Evaluating the Symbol Binding Ability of Large Language Models for Multiple-Choice Questions in Vietnamese General Education

Duc-Vu Nguyen,Quoc-Nam Nguyen
2023-11-16
Abstract:In this paper, we evaluate the ability of large language models (LLMs) to perform multiple choice symbol binding (MCSB) for multiple choice question answering (MCQA) tasks in zero-shot, one-shot, and few-shot settings. We focus on Vietnamese, with fewer challenging MCQA datasets than in English. The two existing datasets, ViMMRC 1.0 and ViMMRC 2.0, focus on literature. Recent research in Vietnamese natural language processing (NLP) has focused on the Vietnamese National High School Graduation Examination (VNHSGE) from 2019 to 2023 to evaluate ChatGPT. However, these studies have mainly focused on how ChatGPT solves the VNHSGE step by step. We aim to create a novel and high-quality dataset by providing structured guidelines for typing LaTeX formulas for mathematics, physics, chemistry, and biology. This dataset can be used to evaluate the MCSB ability of LLMs and smaller language models (LMs) because it is typed in a strict LaTeX style. We focus on predicting the character (A, B, C, or D) that is the most likely answer to a question, given the context of the question. Our evaluation of six well-known LLMs, namely BLOOMZ-7.1B-MT, LLaMA-2-7B, LLaMA-2-70B, GPT-3, GPT-3.5, and GPT-4.0, on the ViMMRC 1.0 and ViMMRC 2.0 benchmarks and our proposed dataset shows promising results on the MCSB ability of LLMs for Vietnamese. The dataset is available for research purposes only.
Computation and Language
What problem does this paper attempt to address?
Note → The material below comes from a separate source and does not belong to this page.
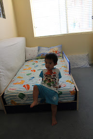 - 為了迎接小淘氣的到來,小子從cot搬到單人床去睡了。母子床有裝bed rail,但母床還是太高了,頭一個禮拜他從母床上掉下來兩次。後來把母床拆掉只剩子床,情況改善許多。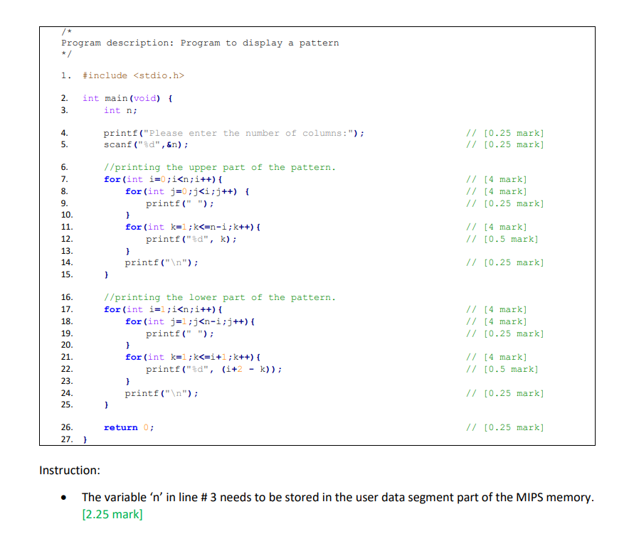 Solved Program description: Program to display a pattern */ | Chegg.com

### What problem does this paper attempt to solve? This paper primarily explores the symbolic binding capability (MCSB) of large language models (LLMs) in the context of Vietnamese multiple-choice question answering (MCQA) tasks. Specifically: 1. **Evaluating Symbolic Binding Capability**: - The paper evaluates the ability of LLMs to perform symbolic binding in multiple-choice questions under zero-shot, one-shot, and few-shot settings. - The focus is on Vietnamese because there is currently a lack of sufficiently challenging Vietnamese MCQA datasets. 2. **Creating a New Dataset**: - To better assess the MCSB capability of LLMs, the authors created a new high-quality dataset and provided structured input guidelines for LaTeX formulas in the fields of mathematics, physics, chemistry, and biology. - This dataset strictly follows the LaTeX format and can be used to evaluate the performance of both large and small language models. 3. **Model Performance Evaluation**: - The paper conducts a comprehensive evaluation of six well-known LLMs, including BLOOMZ-7.1B-MT, LLaMA-2-7B, LLaMA-2-70B, GPT-3, GPT-3.5, and GPT-4. - The results show that the GPT series models perform the best across various settings, with GPT-4 achieving the highest accuracy in zero-shot, one-shot, and five-shot settings. Through these studies, the paper aims to advance the field of Vietnamese natural language processing and provide valuable insights for future educational applications.